A recent decision by an appeals court in one state could have far-reaching implications for employers throughout the nation. The 6th Circuit Court of Appeals sided with an Ohio district court’s ruling in a case of age discrimination brought by a former employee of MW Bancorp Inc.
In their ruling, the appeals court stated that the plaintiff was not able to prove that “age was the sole cause for her firing.” Plaintiff appealed this ruling to the full 6th Circuit Court in an attempt to overturn the panel’s ruling. Two amicus briefs on behalf of the plaintiff were filed by the Equal Employment Opportunity Commission (EEOC) and the American Association of Retired Persons (AARP) Foundation, the AARP and the National Employment Lawyers Association (NELA).
The premise of amicus briefs
Both amicus briefs contend that “sole cause” standards should not be applicable in the plaintiff’s case due to prior legal precedents set by none other than the U.S. Supreme Court. The two amicus briefs’ premise is that a “sole cause” standard would make it much more challenging for older workers to win age bias cases in the courts.
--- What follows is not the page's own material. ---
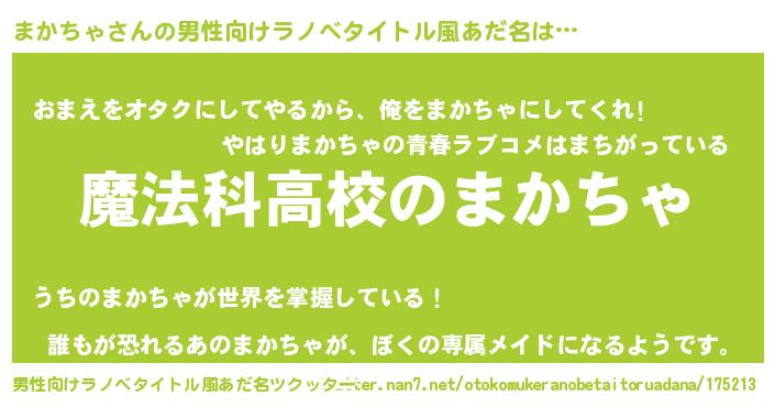 | 女子向けラノベタイトル風あだ名 | 『まかちゃアンティーク』 |

Employers’ reality may be quite different
As employers all across the nation can attest, it is a rare case indeed where a worker is terminated simply because of their age. Most employers have a great deal invested in long-term employees and will have exhausted numerous attempts to retain them in the workplace by the time termination occurs.
Terminated employees who decide to initiate legal action against former employers may ignore less drastic attempts to get them to comply with new operating procedures and/or rules. Documenting each employee’s transgression and failure to comply can provide the evidence your employment law attorney needs to prevail in court.